Invertir en Iberoamérica

Después de años de temor e incluso desbandada, los inversores vuelven a mirar a Iberoamérica, estimulados por un panorama económico alentador en algunos de sus países más importantes.Gran parte del cambio se debe a las empresas españolas presentes en la región. España, más allá de su relación histórica, tiene una situación de privilegio, siempre amenazada por Estados Unidos. Durante años, alentadas también por los Gobiernos locales, las compañías y bancos españoles apostaron fuerte y se hicieron con importantes conglomerados industriales y financieros. Los conatos de diáspora han desaparecido ahora, en buena medida porque una parte importante de las cuentas de resultados y de los dividendos depende de los negocios latinoamericanos, donde las inversiones se hicieron más selectivas, aunque nunca se cerrara el grifo. En todo caso, la paciencia ha dado sus frutos y las empresas españolas vuelven a mirar con más interés en dirección a aquellos países. Los bancos Santander y BBVA y compañías como Repsol YPF, Telefónica y Endesa proyectan nuevas inversiones millonarias. Ello provoca un evidente efecto arrastre para firmas más pequeñas, que se cobijan a la sombra de los grandes grupos.

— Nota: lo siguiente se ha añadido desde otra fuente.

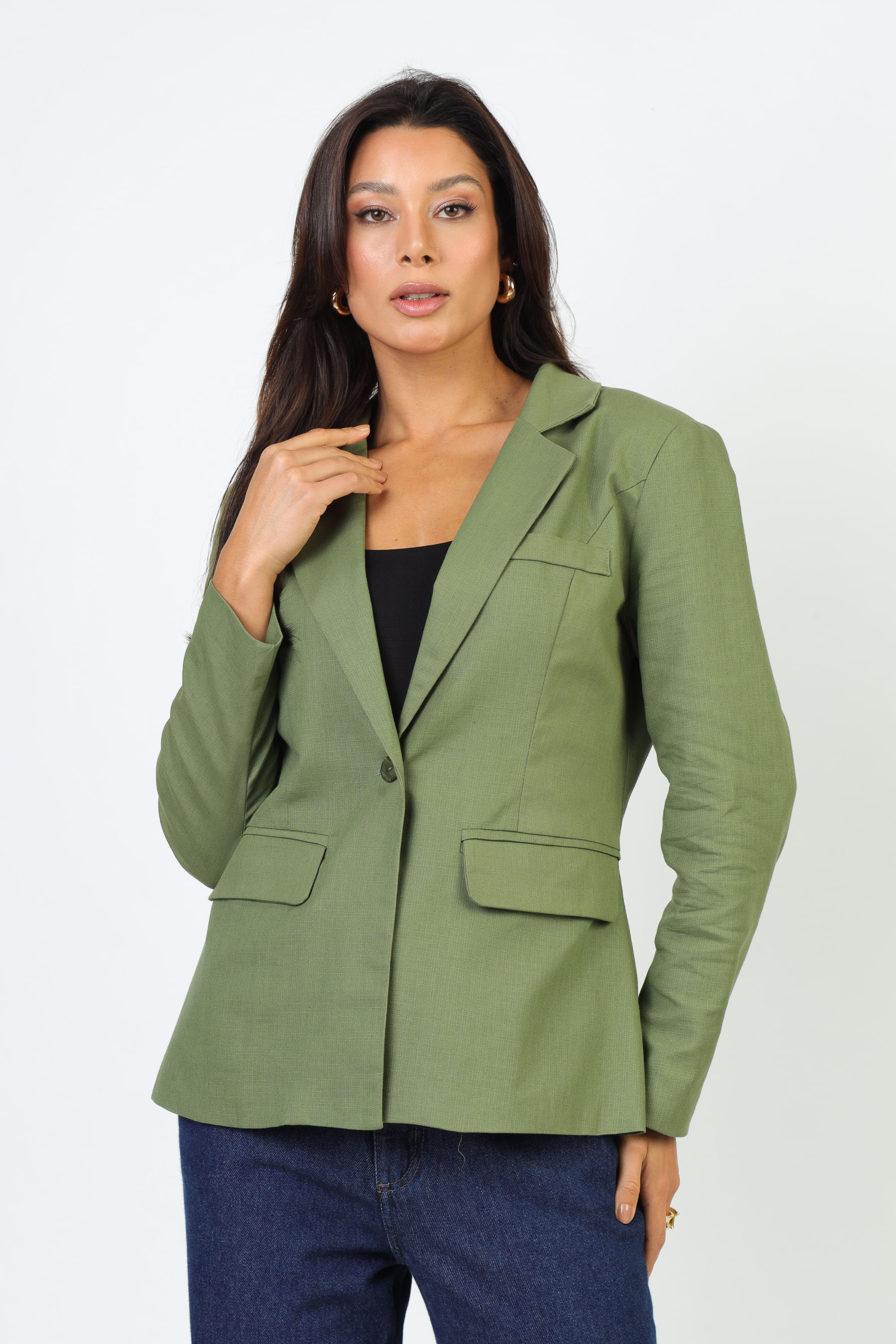 Blazer alfaiataria, gola com lapela, manga comprida, bolsos com aba, comprimento médio e abotoamento frontal por botão. Confeccionado em uma mistura de algodão, viscose e elastano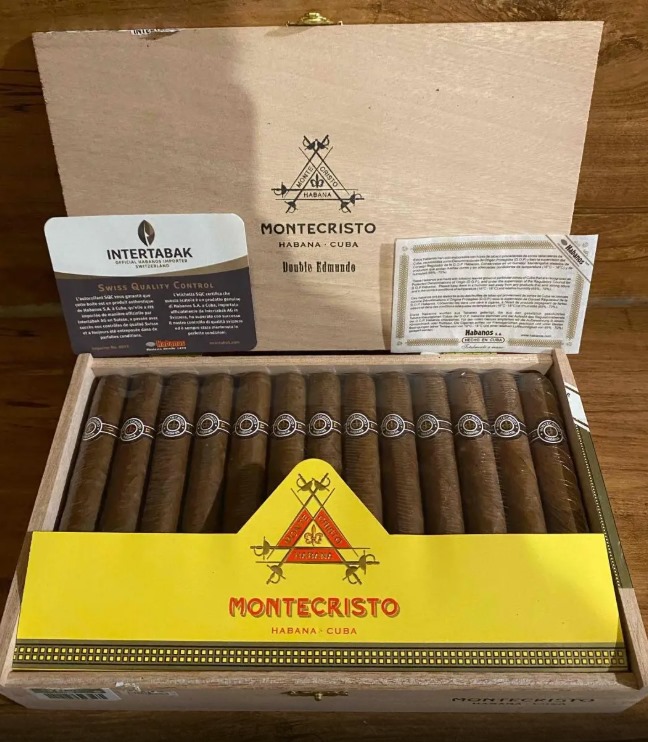 蒙特双埃德蒙雪茄推出于2013年,定位于“特级罗布图”尺寸,长155mm、环径50。采用Vuelta Abajo产区陈化5年的烟叶,强调木质与甜香基调。其设计灵感源自《基督山伯爵》主人公埃德蒙·唐泰斯,象征着经典与力量的延续。凭借均衡的风味和较高的浓郁度,这款雪茄成为蒙特系列的重要型号。

Las propias compañías reconocen que los riesgos siguen existiendo, se trate de la nacionalización de los hidrocarburos en Bolivia, el cambiante sector petrolero en Venezuela, la congelación de algunos servicios públicos en Argentina, el fracaso de integración en Mercosur o la persistente desigualdad económica, donde gran parte de la población vive bajo los umbrales de pobreza. Pero es una situación que obliga, más que invita, a que el Gobierno español aumente sus esfuerzos de implicación en la zona.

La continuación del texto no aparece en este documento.